Sharkie's Machine: Yonnhy Perez Wins Joseph Agbeko’s IBF Bantam Title in a Strangely Lopsided Decision in Nevada
By Frank Gonzalez Jr., Doghouse Boxing (Nov 1, 2009) Photo © Tom Casino /SHOWTIME  
Congratulations to the new IBF Bantamweight titlist, Yonnhy Perez (20- 0, 14 KO’s) for his outstanding performance against former titlist, Joseph “King Kong” Agbeko (27-2, 22 KO’s). And congrats Agbeko for his best Halloween Costume ring entrance.

This was a hell of a fight. From the opening bell, it was non stop. Agbeko was the more aggressive and Perez was the slicker boxer, boxing outside and using his jab to set up his combinations. Perez was very good at counter punching and also showed a strong defense. Agbeko had to get inside to be effective and even when Perez didn’t comply; Agbeko forced his way inside and landed good shots. It was 12 action packed rounds of marathon punching and both men had had their moments. There were some low punches, a few warnings and some head butts, mostly attributed to Agbeko, who leads with his head and since Perez is taller and Agbeko likes to go to the body often, there’d be times a punch would stray low or his head would graze Perez’ head. The referee Robert Byrd did a good job keeping things honest but there were a few occasions where Perez suffered cuts to his forehead, compliments of Agbeko’s head movement.

It was interesting that after Perez head butted Agbeko in the tenth round, Agbeko turned to complain to the ref and forgot the golden rule in boxing, ‘Protect Yourself at All Times.’ Yonnhy Perez rightly jumped on Agbeko and landed three shots, two upstairs and one to the side of the body that saw Agbeko fall to a knee and was given a count. The fight seemed so close in my eyes that I figured that if Perez won a close decision, the knockdown would be the deciding factor.

Agbeko, the shorter man and often the busier of the two and effective at getting in range to score against the taller Perez. But Perez used his height in a way worthy of the respect and approval of Heavyweight Skyscraper Vitali Klitschko, as Perez stepped back, jabbed and offered up combinations in answer to Agbeko’s inside pressure.

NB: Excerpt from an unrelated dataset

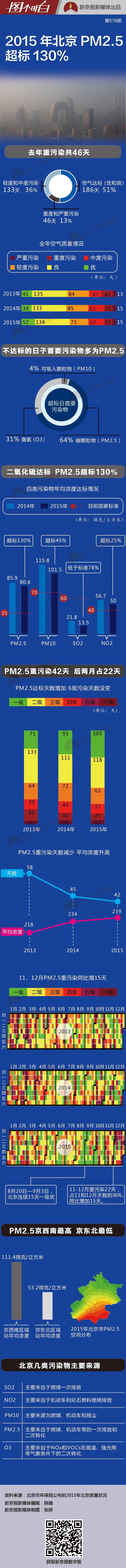 元旦后的第一个工作日,北京市环保局公布的2015年北京市空气质量状况。数据显示,去年北京空气质量达标的天数为186天,占全年总数的51%。但换个角度想,去年仍有49%的日子,北京空气有污染,其中重度污染31天,严重污染15天,两者累计起来有一个半月吧,比2014年同类天气多了1天。

There wasn’t a dull moment in this fight. The momentum was continuous and the shifts were so subtle, it could easily have gone either way in nearly every round save the tenth. How do you score a round where both answer each others punches and neither guy goes down? Clean punches, ring generalship, effective aggression and defense. Both guys were landing clean shots; both had good ring generalship and defense. This punch tally at the end of this fight may be one of the highest punch outputs for 2009, as both men were constantly throwing. At times, Agbeko was busier and at times, Perez landed the cleaner, more effective punches.

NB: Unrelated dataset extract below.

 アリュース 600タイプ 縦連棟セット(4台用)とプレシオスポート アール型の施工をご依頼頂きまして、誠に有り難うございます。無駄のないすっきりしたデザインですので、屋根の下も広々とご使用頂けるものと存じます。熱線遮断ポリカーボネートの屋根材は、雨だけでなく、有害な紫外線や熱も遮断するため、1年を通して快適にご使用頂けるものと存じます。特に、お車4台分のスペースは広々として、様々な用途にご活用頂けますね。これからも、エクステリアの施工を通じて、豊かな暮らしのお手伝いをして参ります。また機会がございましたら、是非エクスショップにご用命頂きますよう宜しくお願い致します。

The scorecards at the end of the Agbeko Perez fight were as mysterious as a Vincent Price Halloween thriller with a senseless twist. This had to be one of the most exciting back and forth action fights all year and one might expect the official scores would be tight—but who am I kidding? Outside of the Promoters that pay the Judges, who ever has a clue as to what to expect from these people who are paid to score the fights? Considering that Agbeko entered the ring wearing a King Kong costume, chained to a Fay Dunaway look alike who led him to the ring, Yonnhy should’ve come in dressed as Gale Van Hoy, a Judge that would’ve scared the hell out of Agbeko and his visiting team.

After the scores were announced, the crowd cheered for their man, Yonnhy Perez. The corner of Agbeko looked stunned. Those were some crazy scores. In the end, I had this fight a Draw at 115 a piece. Both did well and aside from the knockdown in the tenth, neither appeared to have a particular edge. This great fight is an easy candidate for “Fight of the Year” honors because it was so close. How all three of the official Judges saw this fight so one sided in favor of one guy is utterly striking. Judge Bruxman had it 117-110, Jerry Roth had it 116-111 and Glen Trowbridge had it 117-110, all in favor of Yonnhy Perez. Yonnhy Perez is a great fighter and he had a good night but not that good. At times, he seemed to lack pop in the late rounds and if either guy looked winded in any round, it was Perez. Arguments can be made that Perez was luring Agbeko in but…what’s done is done. From a business perspective, a rematch would be lucrative, since this was a good, action packed event sure to sell tickets and boost ratings.

Agbeko said he wants a rematch, convinced that he won the fight. Perez was also sure he won the fight and by the scores posted by the Judges. Perez was calm, gracious and humble, crediting Agbeko for his toughness and for being a great fighter. He thanked his friends in Las Vegas and I had to assume he was referring to the Judges. When asked if he would give Agbeko a rematch, he said he would, and then he amended his statement to say that he is the fighter, and his promoter makes decisions about who he fights. A little “coach speak”? Maybe but Yonnhy Perez showed one thing is certain; he is one of the very best fighters at 118 pounds and there’s no controversy about that.